◆ DATA PROVIDED ◆
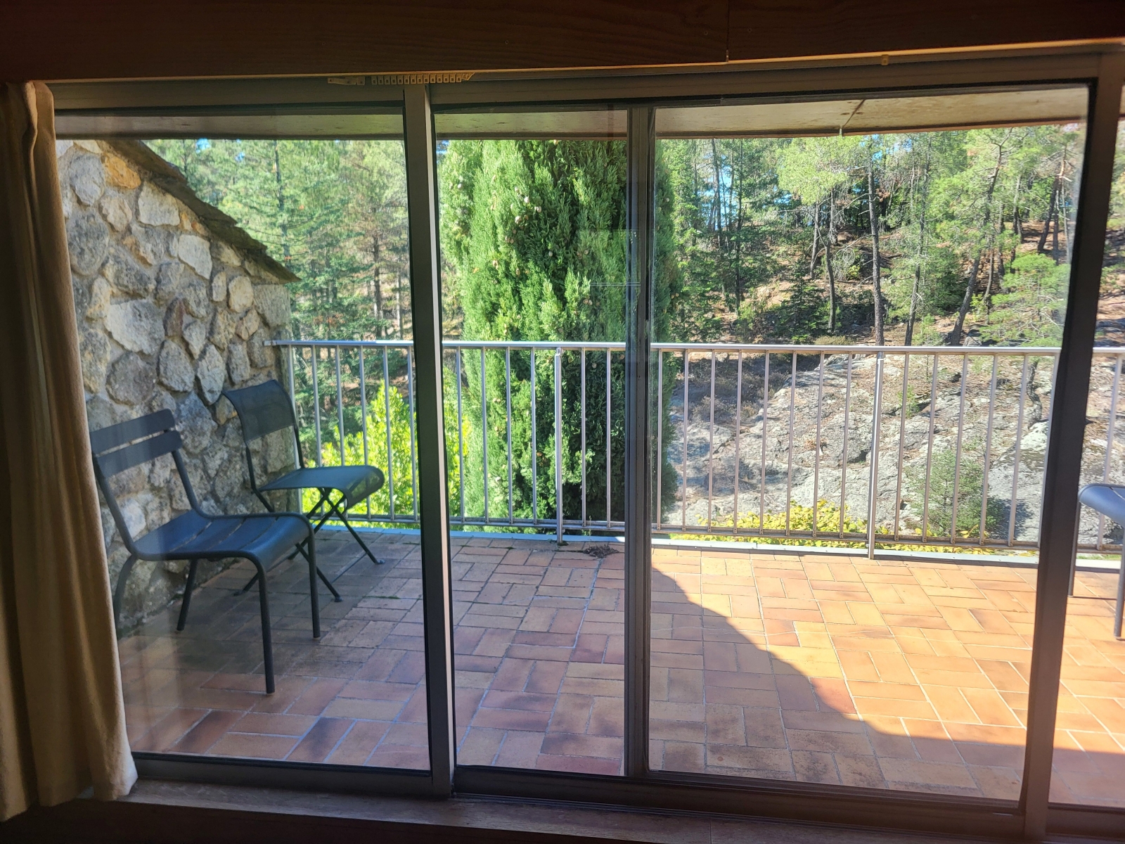 Équipée d'une fenêtre ainsi que d'une porte fenêtre vitrées, la chambre donne sous une coursive extérieure abritant de la pluie et menant jusqu'au sanitaires partagés.
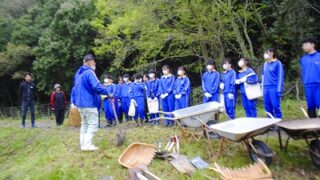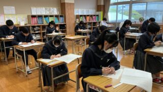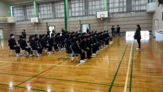さて、今年度の阿武中学校ですが、生徒の行動目標として「阿武中village(美・礼・時)」「(美)真心をこめて黙って清掃10分間」「(礼)笑顔で3m(前)あいさつ」「(時)2分前行動、1分前集合」の継続に取り組んでまいります。また、
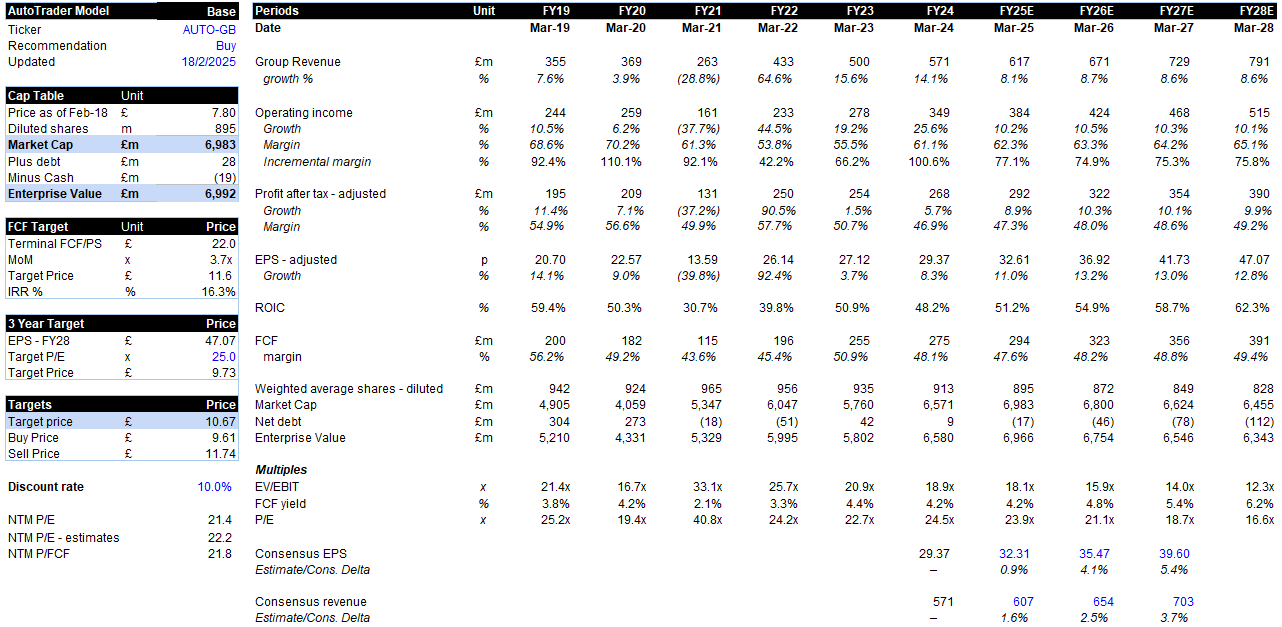 View – Accumulate, near-term impacts on used car stock are likely cyclical, providing an opportunity to invest in a high-quality compounder with a strong management team, culture and leading financials. Operating margins are 62%, ROIC is 51%, FCF conversion is 100% and capex to sales is <1%. The competitive position has never been stronger while there is significant operational momentum. The business trades on a forward P/E of 22x and FCF yield of 4.5%, with EPS growing in the low-teens. Using a blended 50:50 discounted FCF (10% discount rate) and P/E multiple valuation, returns a target price £10.7. Would be buying the stock up to £9.60, representing a 10% discount to target price.
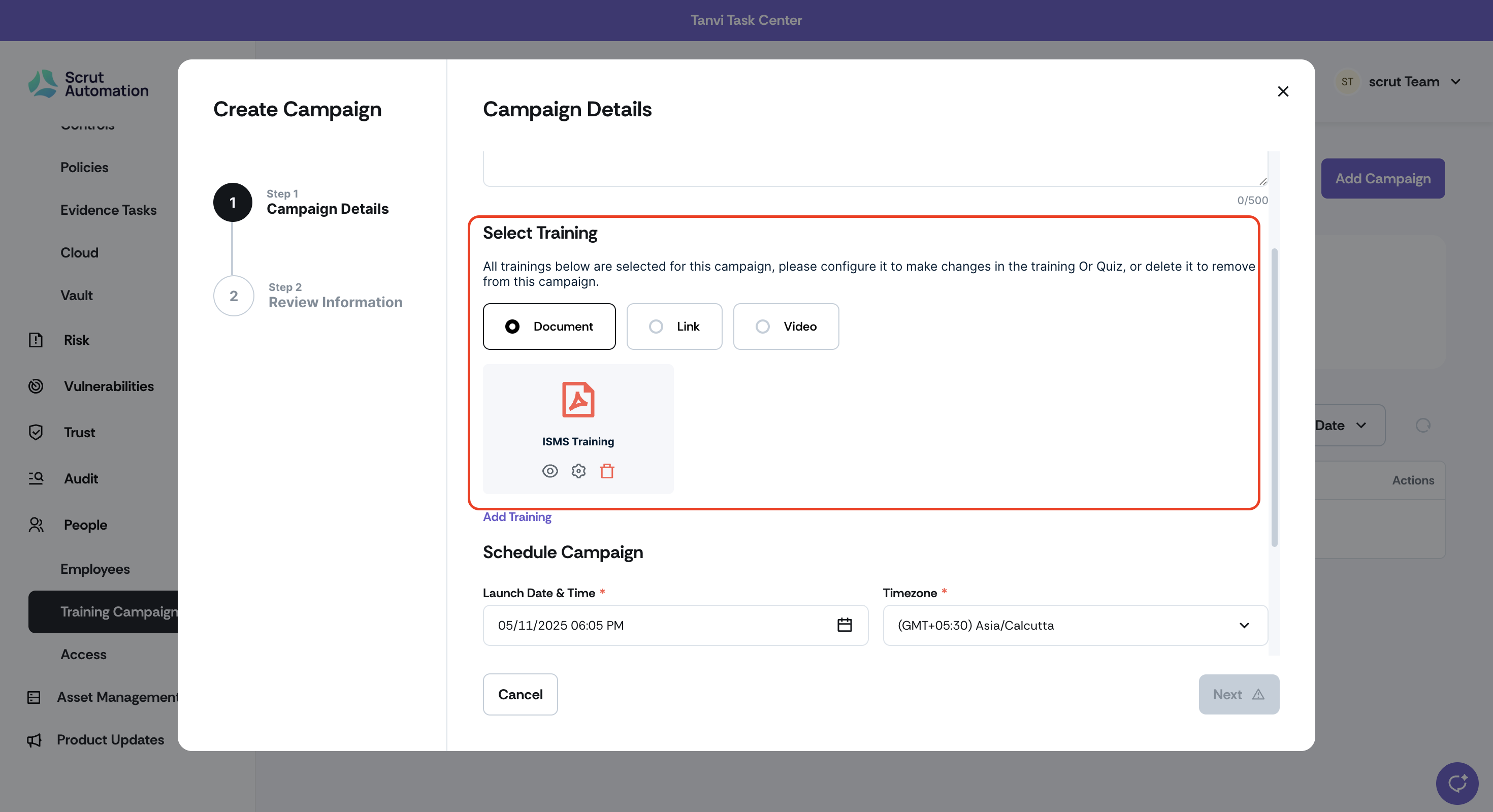 When creating or editing employee training campaigns, you'll now see only training modules linked to your purchased frameworks. Irrelevant training options are automatically filtered out.
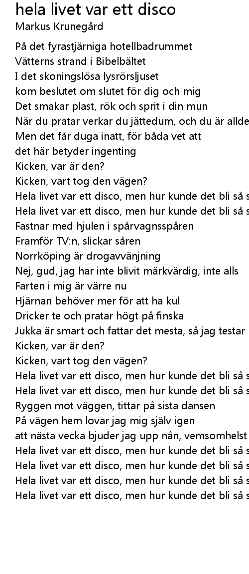 | Hela livet var ett disco, men hur kunde det bli s sv rt | |
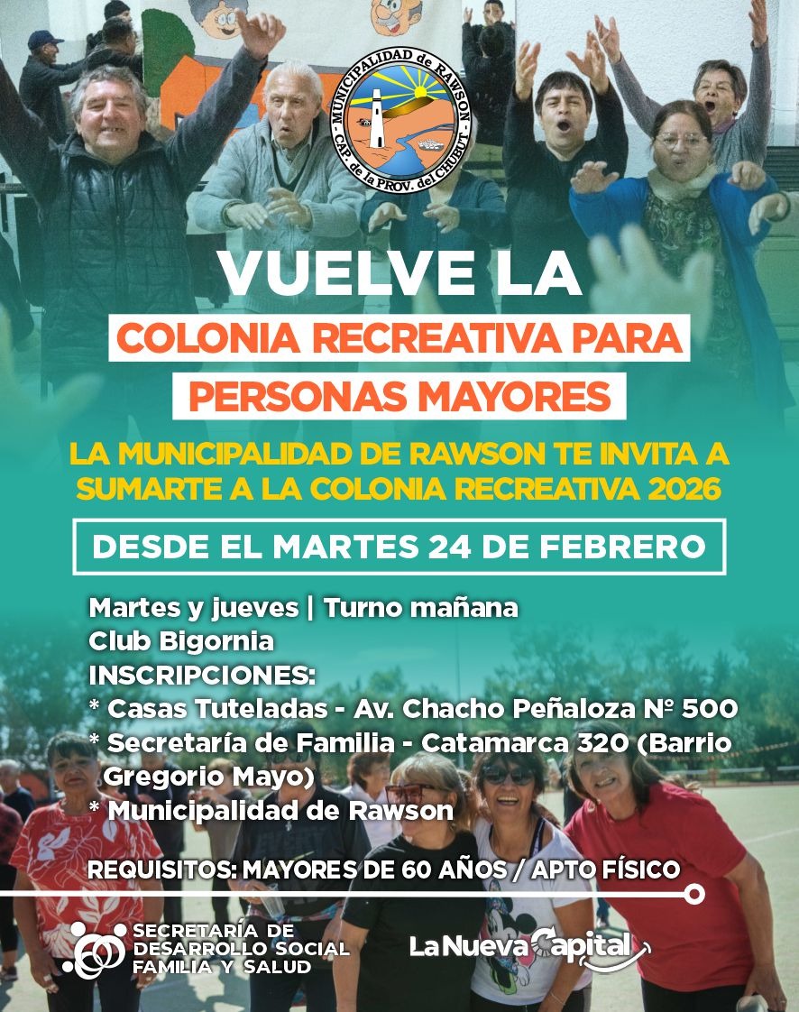 La Municipalidad de Rawson mantiene abiertas las inscripciones para la cuarta edición de la Colonia Recreativa de Personas Mayores, que se realizará en el Club Bigornia durante marzo, abril y mayo. Esta propuesta, gratuita y dirigida a adultos mayores de 60 años, brinda actividades orientadas a la recreación, la socialización y el cuidado de la actividad física.

◆ ACTIVITY ◆
Copy every record above exactly as written, but leave out the pictures.

◆ COMPLETED EXERCISE ◆
 Équipée d'une fenêtre ainsi que d'une porte fenêtre vitrées, la chambre donne sous une coursive extérieure abritant de la pluie et menant jusqu'au sanitaires partagés.
さて、今年度の阿武中学校ですが、生徒の行動目標として「阿武中village(美・礼・時)」「(美)真心をこめて黙って清掃10分間」「(礼)笑顔で3m(前)あいさつ」「(時)2分前行動、1分前集合」の継続に取り組んでまいります。また、
 View – Accumulate, near-term impacts on used car stock are likely cyclical, providing an opportunity to invest in a high-quality compounder with a strong management team, culture and leading financials. Operating margins are 62%, ROIC is 51%, FCF conversion is 100% and capex to sales is <1%. The competitive position has never been stronger while there is significant operational momentum. The business trades on a forward P/E of 22x and FCF yield of 4.5%, with EPS growing in the low-teens. Using a blended 50:50 discounted FCF (10% discount rate) and P/E multiple valuation, returns a target price £10.7. Would be buying the stock up to £9.60, representing a 10% discount to target price.
 When creating or editing employee training campaigns, you'll now see only training modules linked to your purchased frameworks. Irrelevant training options are automatically filtered out.
 | Hela livet var ett disco, men hur kunde det bli s sv rt | |
 La Municipalidad de Rawson mantiene abiertas las inscripciones para la cuarta edición de la Colonia Recreativa de Personas Mayores, que se realizará en el Club Bigornia durante marzo, abril y mayo. Esta propuesta, gratuita y dirigida a adultos mayores de 60 años, brinda actividades orientadas a la recreación, la socialización y el cuidado de la actividad física.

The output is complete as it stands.